Federal Deputy Chief Information Officer, Office of Management and Budget
- In office 2016–2019

Personal details
- Born: Margaret Graves
- Education: University of Virginia (B.S. Chemistry) University of Virginia Darden School of Business (M.B.A.)
- Known for: Federal IT modernization, U.S. Department of Homeland Security IT leadership

= Margie Graves =

American government technology executive

Margie Graves (born Margaret Graves) is an American government technology executive. She served as Federal Deputy Chief Information Officer and Acting Federal CIO within the Office of Management and Budget (OMB) from 2016 to 2019, and previously as Deputy CIO at the U.S. Department of Homeland Security (DHS).

== Background ==

Graves holds a B.S. in Chemistry and an M.B.A. from the University of Virginia Darden School of Business. Before entering federal service she spent approximately ten years at the management consulting firm A.T. Kearney.

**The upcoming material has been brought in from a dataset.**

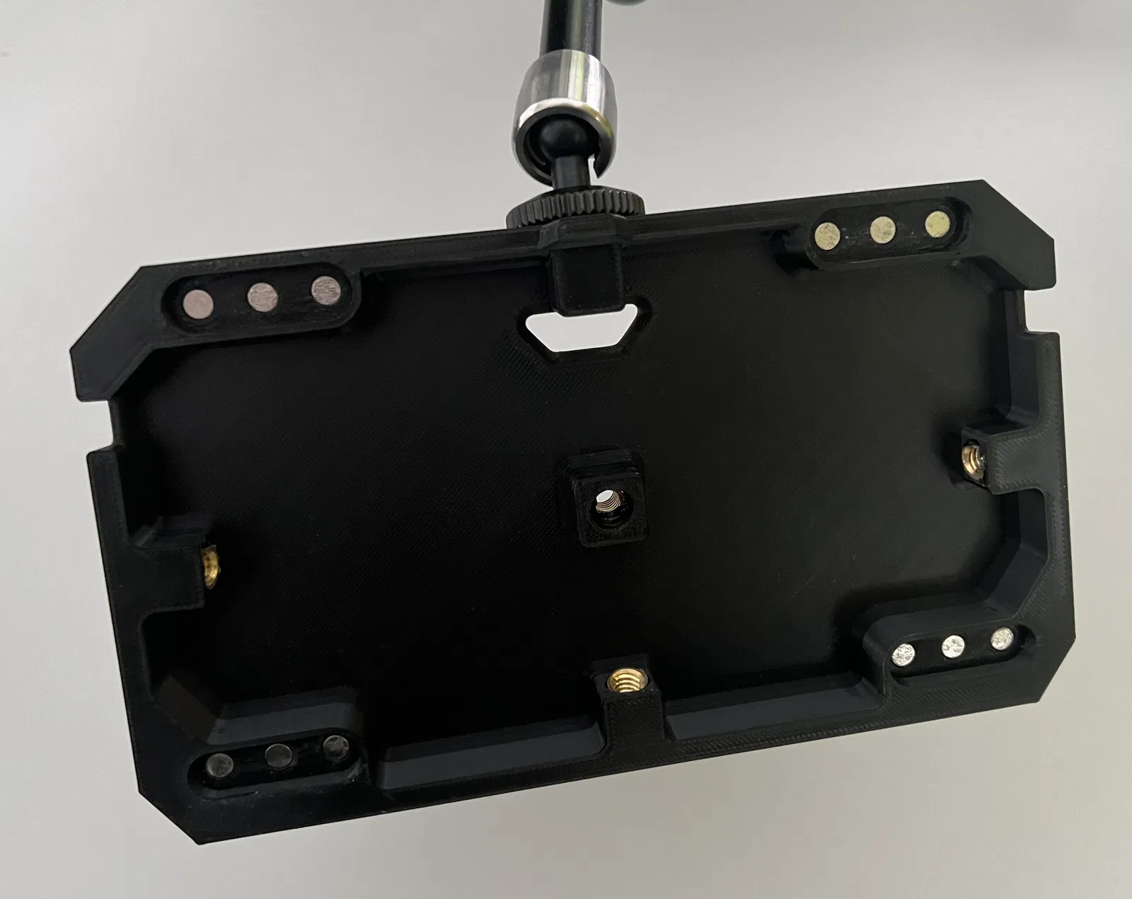Giá/đế gắn Stream Deck XL dùng ốc 1/4", cố định bằng 12 nam châm 5x2mm. Hỗ trợ 5 hướng lắp (trên/dưới/trái/phải/sau), cần threaded inserts 1/4" dài 12,7mm, dây đi được hai bên và phía sau.

== Department of Homeland Security ==

Graves was one of the original "plank holders" of the U.S. Department of Homeland Security, helping to establish the agency following the September 11 attacks. Over 14 years at DHS, she rose to Deputy CIO, overseeing an IT portfolio of $5.4 billion in programs.

== Office of Management and Budget ==

Graves joined the Office of Management and Budget as Federal Deputy CIO in March 2016, and also served as Acting Federal CIO during the first year of the Trump administration. Working alongside Federal CIO Suzette Kent, she helped develop several government-wide IT initiatives, including the Cloud Smart policy, the Technology Modernization Fund, the Federal Cyber Reskilling Academy, and the Trusted Internet Connections program. She was named a Federal 100 Government Eagle Award winner in 2019. She departed OMB on December 31, 2019.

== Post-government career ==

Graves is a Senior Fellow with the IBM Center for The Business of Government and a fellow of the National Academy of Public Administration. She has served as President of the American Council for Technology and Chair of the Industry Advisory Council.